The Irish Studies Heimbold Chair, Emma Dabiri, will talk with Kim DaCosta, PhD, about the newly formed African-American Irish Diaspora Network of which DaCosta is a board member. DaCosta is the author of Making Multiracials: State, Family, and Market in the Redrawing of the Color Line and teaches sociology at New York University. Jennifer Joyce, PhD, associate director, Center for Irish Studies, will moderate the discussion.
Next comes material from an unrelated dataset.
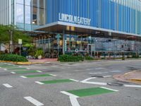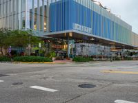 A top down view of the modern architecture, asphalt roads, and concrete street of Miami Beach, Florida. The city is alive with storefronts, restaurants, cafes, and shops, all dotted beneath a gloomy grey sky and the waters of the city.

"The Politics of the Irish Harp Symbol from Henry VIII to Brexit" Lecture with Mary Louise O'Donnell

Wednesday, Apr. 23, 2022

Falvey Library, Speaker's Corner, 4 p.m.

Mary Louise O'Donnell, PhD, is a harpist, musicologist and former Fulbright scholar. Her first book Ireland's Harp: The Shaping of Irish Identity c. 1770 to 1880 was published by UCD Press in 2014 and she has also published widely on topics relating to Irish cultural history, semiotics, and performance studies. Mary Louise and her sister Teresa recently completed the recording of an album which includes compositions for pedal harp, portable Irish harp, and voice to harp accompaniment by the nineteenth-century Irish composer Charles Egan.


About the Center for Irish Studies: The Center for Irish Studies at Villanova University has been a leader for four decades in interdisciplinary teaching and scholarship on Ireland in a global framework. The Center connects students to local community organizations while also preparing them to become citizens equipped to take on the world’s most pressing challenges. Through liberal arts-focused academics, multi-disciplinary scholarship and key partnerships, the Center provides students with research, study abroad and employment opportunities.

About Villanova University’s College of Liberal Arts and Sciences: Since its founding in 1842, Villanova University’s College of Liberal Arts and Sciences has cultivated knowledge, understanding and intellectual courage for a purposeful life in a challenging and changing world. With more than 40 majors across the humanities, social sciences and natural sciences, it is the oldest and largest of Villanova’s colleges, serving more than 4,500 undergraduate and graduate students each year. The College is committed to a teacher-scholar model, offering outstanding undergraduate and graduate research opportunities and a rigorous core curriculum that prepares students to become critical thinkers, strong communicators and ethical leaders with a truly global perspective.